* **THE PROBLEM**
The answer is an exact copy of the lines from the one with "Karneval parykk lilla" to the end of the listing below, pictures left out.

* **PROVIDED MATERIAL**

"""

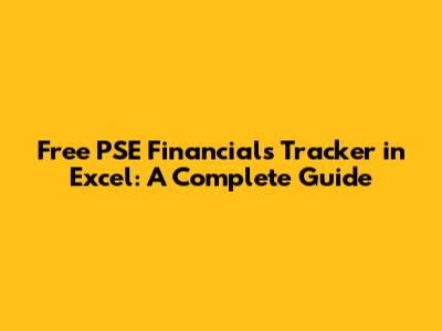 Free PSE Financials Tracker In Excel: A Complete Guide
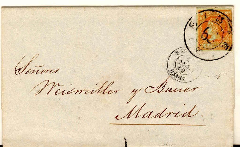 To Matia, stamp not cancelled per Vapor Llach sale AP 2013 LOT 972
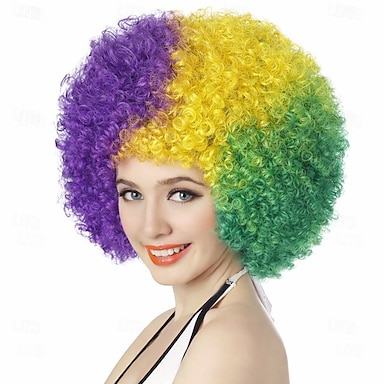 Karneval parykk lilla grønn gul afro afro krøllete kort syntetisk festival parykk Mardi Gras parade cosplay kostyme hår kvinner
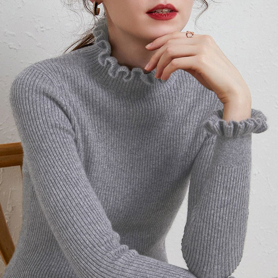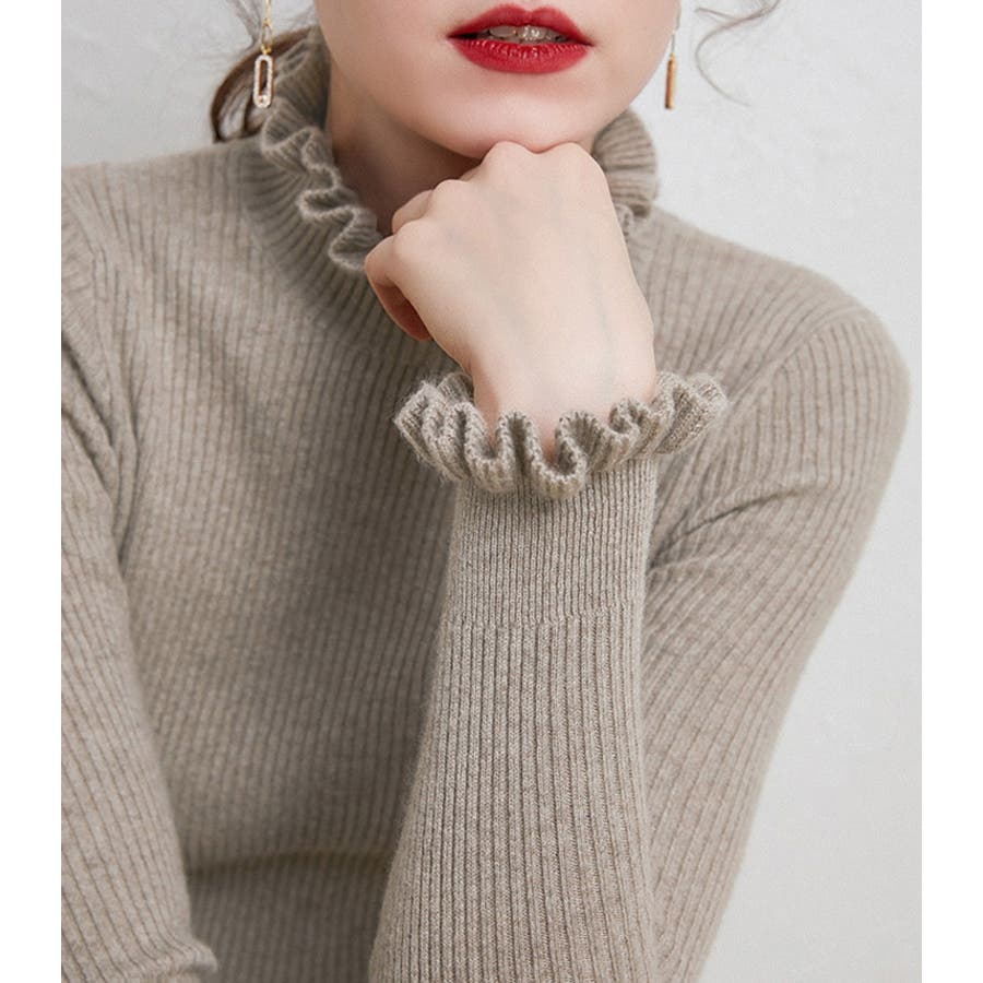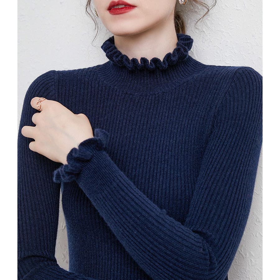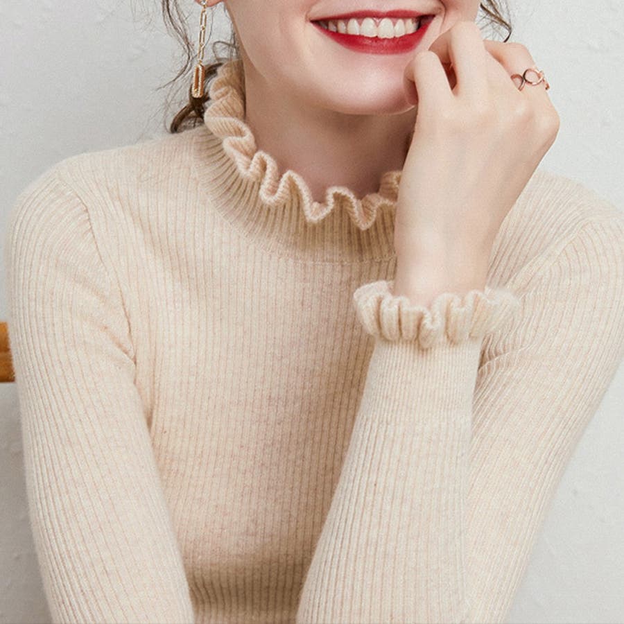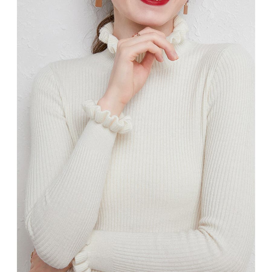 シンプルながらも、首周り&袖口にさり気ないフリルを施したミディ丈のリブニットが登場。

"""

* **TASK SOLUTION**
 Karneval parykk lilla grønn gul afro afro krøllete kort syntetisk festival parykk Mardi Gras parade cosplay kostyme hår kvinner
 シンプルながらも、首周り&袖口にさり気ないフリルを施したミディ丈のリブニットが登場。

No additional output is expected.